Manufacturers reinforced the point. Hino showed chassis platforms intended to support multiple propulsion systems, while Honda demonstrated hydrogen technologies that appear to be moving closer to commercial use. The implication is clear enough. Fleets are unlikely to make a neat one-way transition from one fuel to another. They are far more likely to adopt intelligent systems capable of coordinating several energy options at once.

Infrastructure emerged as the next major bottleneck and, at the same time, one of the biggest opportunities. As more fleets commit to alternative powertrains, the practical question of where and how vehicles refuel or recharge is becoming central. Mack Trucks highlighted this pressure by announcing a significant expansion of its battery electric infrastructure programme through partnerships with turnkey providers. Around that announcement sat a wider discussion about charging network planning, hydrogen station deployment, renewable fuel supply chains and long-term control of energy costs. All of those issues depend on better coordination between vehicles, depots, networks and operators.

This is another area where intelligent transport systems have a decisive role. Smart charging management, infrastructure to vehicle communication and energy aware scheduling are becoming essential if operators are to avoid turning the low emission transition into a logistical bottleneck. In that sense, infrastructure is not only a civil or energy challenge. It is also an information challenge.

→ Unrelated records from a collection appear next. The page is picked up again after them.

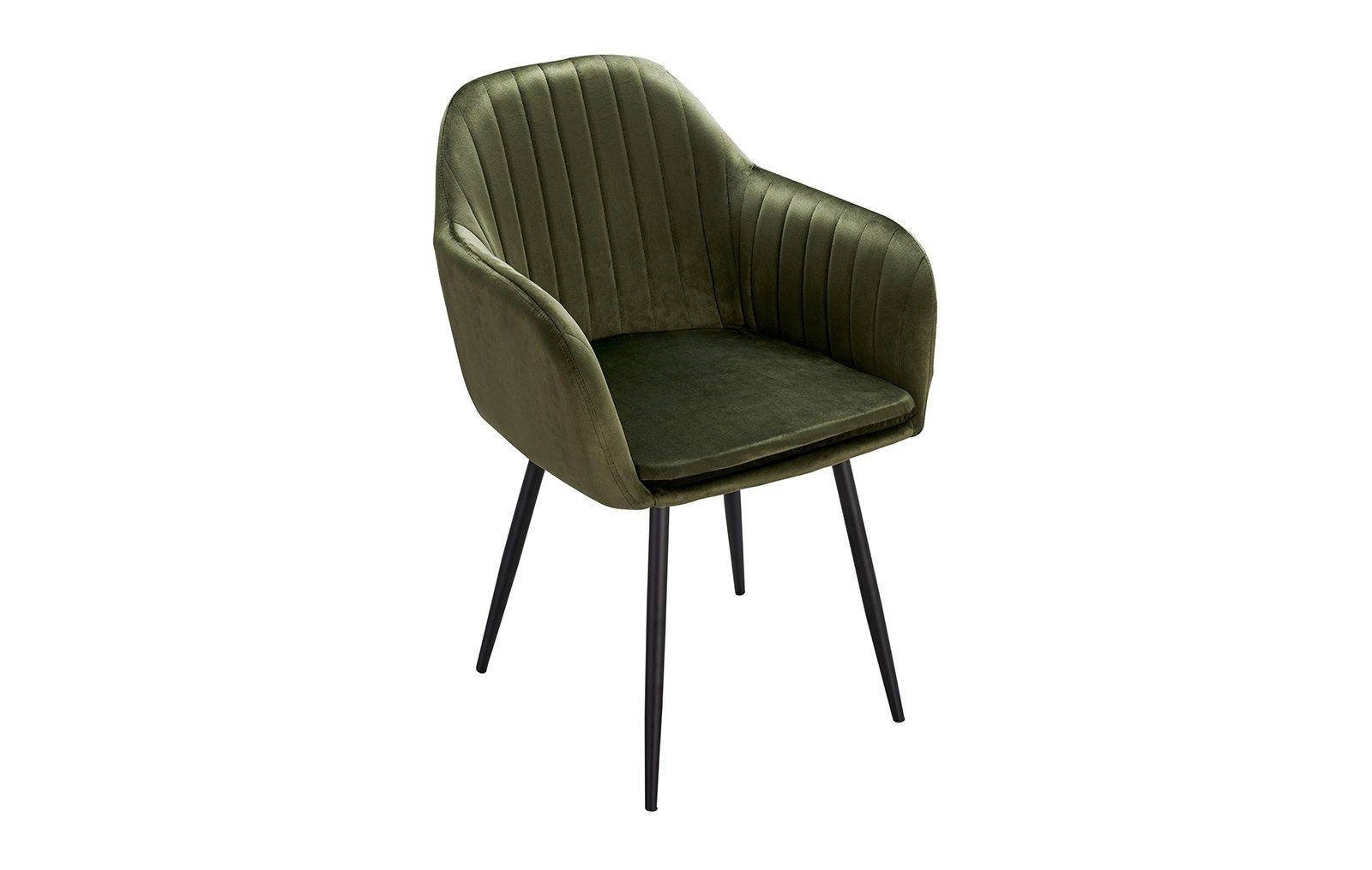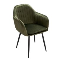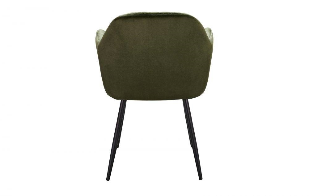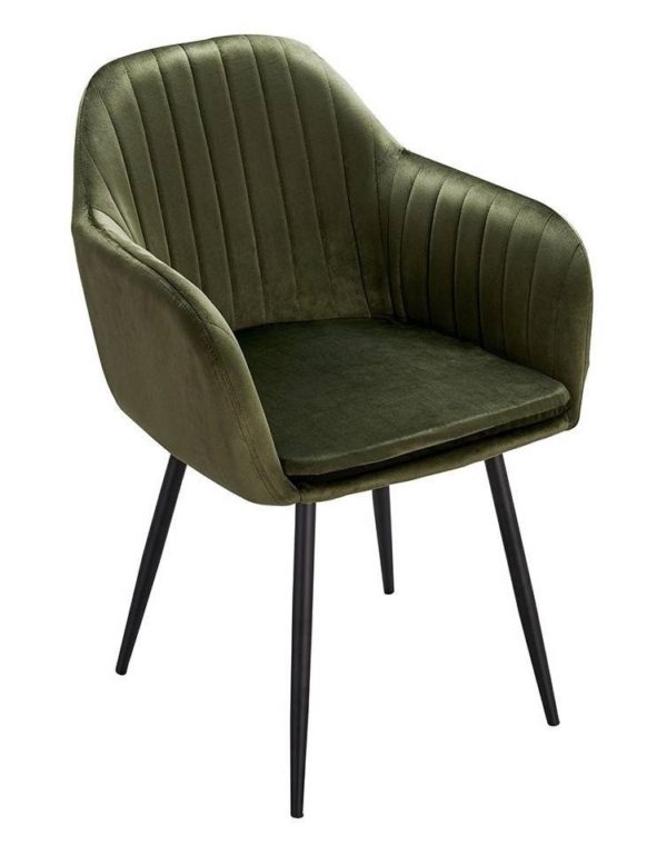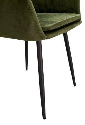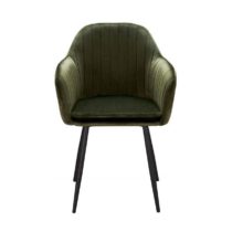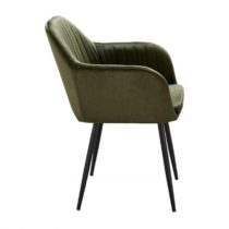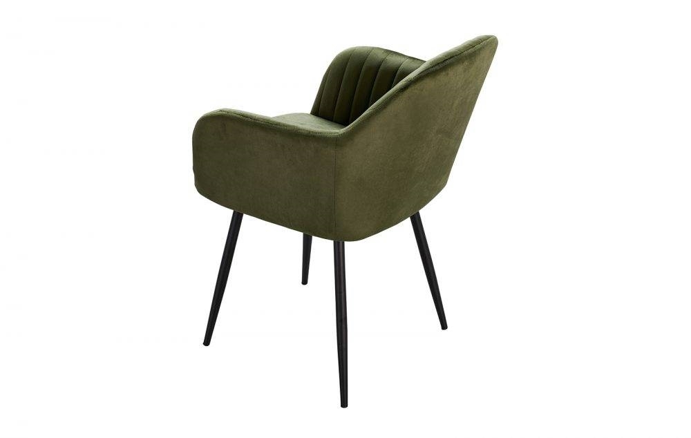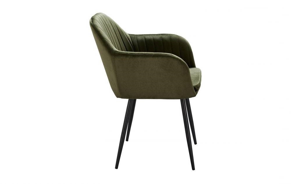 Стильное кресло, которое дополнит интерьер в современном стиле. Обивка выполнена из мягкого велюра. На спинке и подлокотниках с внутренней стороны имеется вертикальная прострочка. Ножки изготовлены из металла, покрытые черной краской.
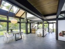 Остъкляване на двойно ниво, така че стаите да имат възможно най-много естествена светлина. Ако верандата е предвидена от проекта, тя се прави ниска на 2-3 стъпки.
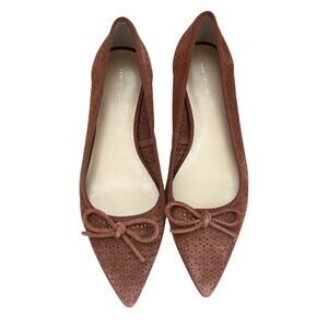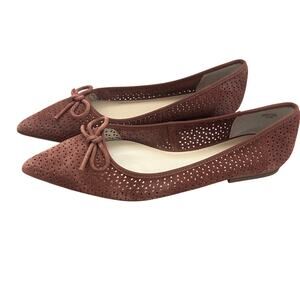 Ann Taylor Brown Suede Pointy Toe Ballet Flats Bow on Front Womens Size 9.5
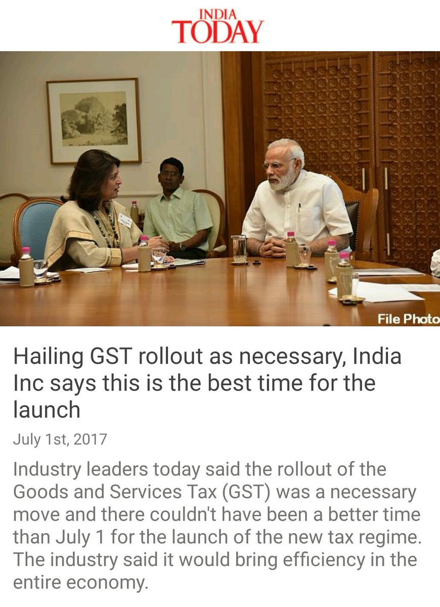 Hailing GST rollout as necessary, India Inc says this is the best time for the launch http://indiatoday.intoday.in/story/gst-launch-midnight-conclave-parliament-indian-industry-leaders/1/991307.html … via NMApppic.twitter.com/MTGiHuPl1d

Taken together, these developments say a great deal about where the intelligent transport sector is heading next. ITS is becoming the glue that holds the mixed energy fleet ecosystem together. Routing, charging, fuelling, safety monitoring and maintenance planning all now rely on real time data and intelligent orchestration. Hydrogen has moved closer to day-to-day operations, which means digital tools for safety, routing and infrastructure integration will need to evolve quickly alongside it. Electrification itself is becoming more intelligent, with battery analytics, thermal optimisation and predictive maintenance now treated as essential functions rather than premium extras.

At the same time, AI based safety tools, lidar systems and connected infrastructure are broadening the very definition of what a commercial vehicle is. It is no longer just a machine that moves goods from one place to another. It is part of a connected operational network that must sense, report, optimise and adapt. That was the strongest message to emerge from ACT Expo 2026. The future of commercial mobility will not be shaped by clean technology alone, but by the intelligence that makes complexity manageable.

ACT Expo 2026 did not feel like a show about a distant horizon. It felt like a view of the immediate next phase, in which fleets are deploying cleaner vehicles now while building the data systems needed to manage a far more complex operating environment. Commercial mobility is becoming cleaner, more connected and more coordinated and ITS is emerging as the strategic layer that will make the whole transition work.